Tuesday, January 11, 2005
Carnival
Since January 6th, we've been in the celebratory season known as Carnival, which ends with Fat Tuesday, so I felt it was only proper to begin my chronicling of the history of assorted foods and spices by sharing what little I know of the history of that marvelous confection known as King Cake.
I confess I've never eaten a King Cake prepared by any baker other than myself in the US. I have eaten French and German King Cakes in assorted parts of Europe, made by some of the best bakeries of the time. That was decades ago.
I've never had a New Orleanian King Cake, but I hope to someday.
Anyway, that's getting off track.
The King Cake has perhaps one of the most scandalous histories, all caused by the lowly bean.
See, this bean is hidden in the cake, and the person (originally a child) who got the bean was crowned king for the day.
This sounds pretty tame, right?
But it traces back to some Greek Apollonian mysteries, where the king of the day is addressed as a child of Apollo and assumed the role of an oracle. The rites and rituals surrounding this were widespread, and often rather licentious.
The Christians limited their consumption of this King Cake with its magic bean to the Epiphany celebration following Christmas and replaced the real bean with a porcelain one displaying a face emerging from one end.
I think it would be so cool to have one of those beans.
Anyway, this porcelain bean eventually was changed to a crowned head, supposedly in honor of the biblical three kings, but in reality, the tokens often bore a striking resemblence to the current king of the country in which the cakes were consumed.
Until the French Revolution, that is.
The pastissiers who baked these royalist King Cakes were arrested in Paris as criminals - but the cakes continued to be baked and eaten.
So, what's a poor mayor who is being disobeyed on every side do? Why, he renames the cake!
He called it le Gateau des Sans-Culottes (Cake of Men-Without-Pants) - in honor of the beggars of Paris.
Somehow, that name didn't stick, and we still call it King Cake today.
Almost every European country has a version of it, and when we open the Cracked Cauldron, we'll make different versions of it, from the fruity British version to the colorful New Orleanian version.
My favorite, the one I prefer to make, is based off a sweet and fragile brioche dough, and filled with cream, coconut, pecans, and cinnamon, drenched in chocolate sauce and sprinkled with the Mardi Gras colors of green, yellow, and purple.
I learned to make this version in Switzerland, blending the best of French and German cooking, then added to Mardi Gras colors after coming to the US.
In my traveling youth, I attended the Mardi Gras celebration on Fat Tuesday twice, and became an avid collector of beads and coins - my bead collection far exceeding my coin collection.

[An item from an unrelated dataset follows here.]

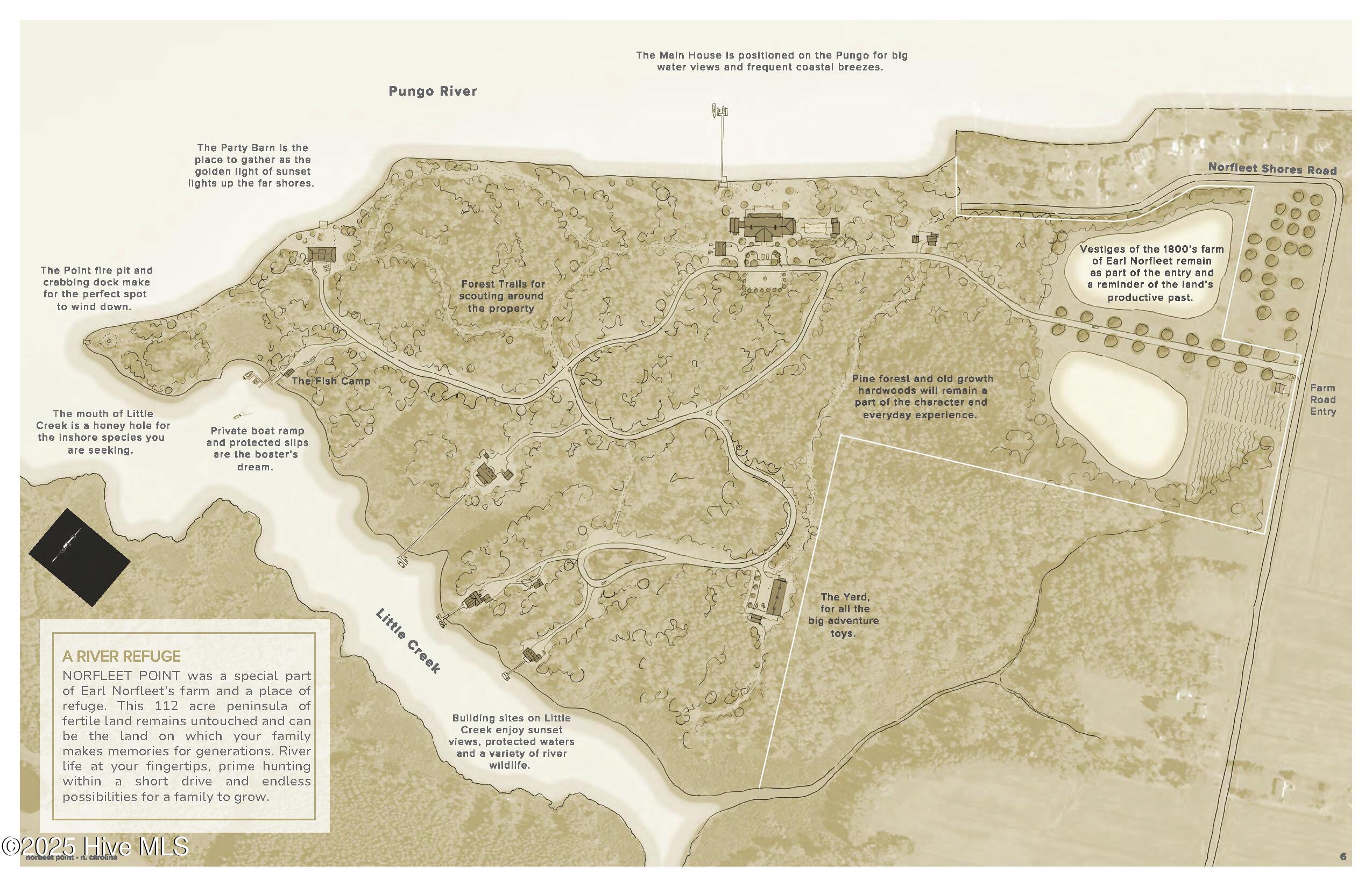 Extraordinary 112-acre waterfront property on the Pungo River with over 3,000 feet of frontage and direct access to the Intracoastal Waterway and Pamlico Sound. Enjoy breathtaking views, private gated access, deep water on Little Creek, and existing permits for a boat ramp, five slips, and bulkhead. Soils support multiple septic sites, offering potential for an incredible private compound or 6-12 large waterfront lots. Minutes from historic Belhaven, with outstanding fishing, hunting, and coastal recreation.

Anyway, I'm getting off track again.
Over the years, the celebration around the King Cake has tamed down. A lot. Instead of being hailed as King/Queen for the day, whoever gets the token now has to buy the next King Cake.
In our celebration of the King Cake, we hide several tokens: a crown for the King/Queen who gets to choose the party music and lead the games at Mardi Gras - and we let them march at the head of our little parade; a heart for the Lord/Lady of Misrule, who can overset the entertainment choices and mock the King/Queen; and the baby for providing next year's cake.
Back before we started sharing our King Cakes with others, it was just the family parading, which made it very small, and since our house is built on a circle pattern, it made it easy to parade indoors if it was cold and rainy.
Of course, now we share the King Cake with a larger group of people...and hope to share it an even larger group. Soon.
I'll be making a King Cake this weekend, and will post a picture of it, so you can at least see what you're missing.